Néanmoins, est-il possible de changer la perception des français sur les politiques climatiques ?
Si l’opinion des français et le soutien qui en découle semblent solidement ancrés, ils n’en demeurent pas moins révisables. En effet, la perception que les français ont des politiques climatiques tient principalement à l’efficacité qui leur est attribuée. Ainsi, plus les français sont renseignés sur les effets des politiques climatiques, plus leur soutien à celles-ci est important. L’accès à l’information est donc un critère essentiel dans l’explication et la variation du soutien apporté à ces politiques.

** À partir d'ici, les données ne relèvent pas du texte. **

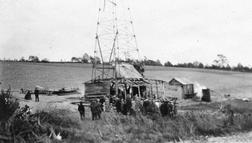 On February 27, 1930, the Belmont Quadrangle Drilling Corporation struck a pocket of natural gas on the farm of Emmett Pulver, about four miles east of Wayne Village in the town of Tyrone. The gas erupted from the well with a great roar at a rate of six to seven million cubic feet per day, or, in dollar terms, nearly $6,000 per day. In today's dollars, this amounts to about $90,000 per day. For a farming community in the midst of the Great Depression, this was an enormous amount of money. The Pulver strike was unlike anything ever seen in the area. It was just the first of hundreds of similar strikes to follow, mainly in the northern part of the Town of Tyrone, and to a lesser extent in the northeast corner of the Town of Wayne, and also along the southern border of Barrington. It soon became clear that a great dome of gas-bearing shale lay beneath the area. While the rest of the country was in the throes of the depression, the gas boom of the early thirties was just beginning for the residents of this area, and brought the promise of enormous amounts of money to the local economy. With this discovery, a frenzy of leasing erupted in the area surrounding Wayne Village, with many other gas and drilling companies vying for drilling rights in the area. A vivid description of Wayne Village during this time was given in the Corning Evening Leader, April 15, 1931: The Eveland No. 1 which came in today, is concrete evidence of the seriousness of the town lot drilling campaign under way at Wayne, which bristles with derricks and is full of flowing gas wells. With the bit suspended in the top of the hole at noon today, the shriek from escaping gas was so loud it could be heard for miles. The roar sounded like an immense waterfall from within the houses of residents of the Village. By the end of 1932, exploration phase had ended. The boundaries of the field had been fairly well established and all that was left was to collect the gas and distribute it to consumers, some as far away as Buffalo, NY. By 1936, as a result of the intensive drilling in the Wayne Village area, the Wayne portion of the field had run dry. In the late thirties and early forties, Harley Crandall bought up many depleted wells which could still supply gas at a low rate, and supplied gas to some customers in the area. He eventually sold the wells to the Columbia gas corporation which now owns many of the old wells in the area. In the 1940's, many gas wells were capped and others were used (and are still used to this day) to pump gas collected elsewhere back into the dome for storage purposes, to be eventually distributed to local customers.

Pour la taxe carbone avec transferts par exemple, le soutien à cette mesure ne devient majoritaire qu’après deux visionnages de vidéos pédagogiques offrant des explications objectives. La désapprobation de cette politique climatique se heurte donc au pouvoir éclairant de l’information.
Toutes les politiques climatiques sont-elles soumises au même jugement de la part des français ?

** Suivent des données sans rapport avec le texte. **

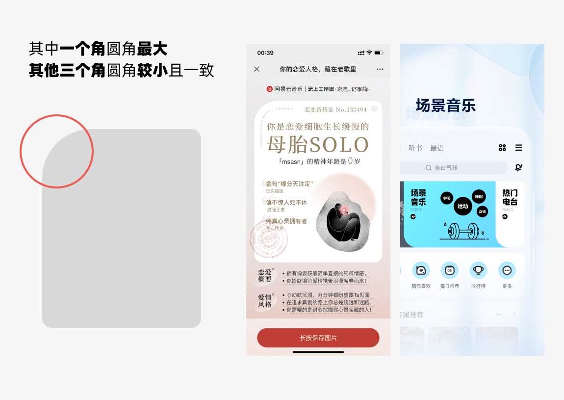 2. 缺角不一:其实就是矩形卡片的四个角圆角大小不一,呈现出来的效果,去丰富设计细节

Une fois l’information et la transparence accessibles, comment expliquer les différences de soutien selon les politiques climatiques ? Contrairement aux idées reçues, les facteurs socio-démographiques expliquent seulement 14% du soutien des français aux politiques climatiques. Ce sont le financement et l’utilisation des recettes générées par une politique climatique qui modifient le soutien des français. Ainsi, ces derniers sont en faveur d’un financement via l’impôt sur les plus riches et de l’investissement dans des alternatives vertes grâce aux recettes générées. Toutefois, certains facteurs socio-démographiques ne sont pas à négliger dans l’explication du soutien aux politiques climatiques des français. L’âge demeure un critère essentiel dans cette explication, les jeunes étant plus enclins à soutenir ces politiques. Le positionnement politique est aussi fortement corrélé en France au soutien à ces mesures : les personnes se revendiquant plutôt à droite expriment plus de réticence face aux politiques climatiques que les personnes se revendiquant de gauche.
In fine, le soutien des français aux politiques climatiques tient à des facteurs bien précis et constitue une spécificité française.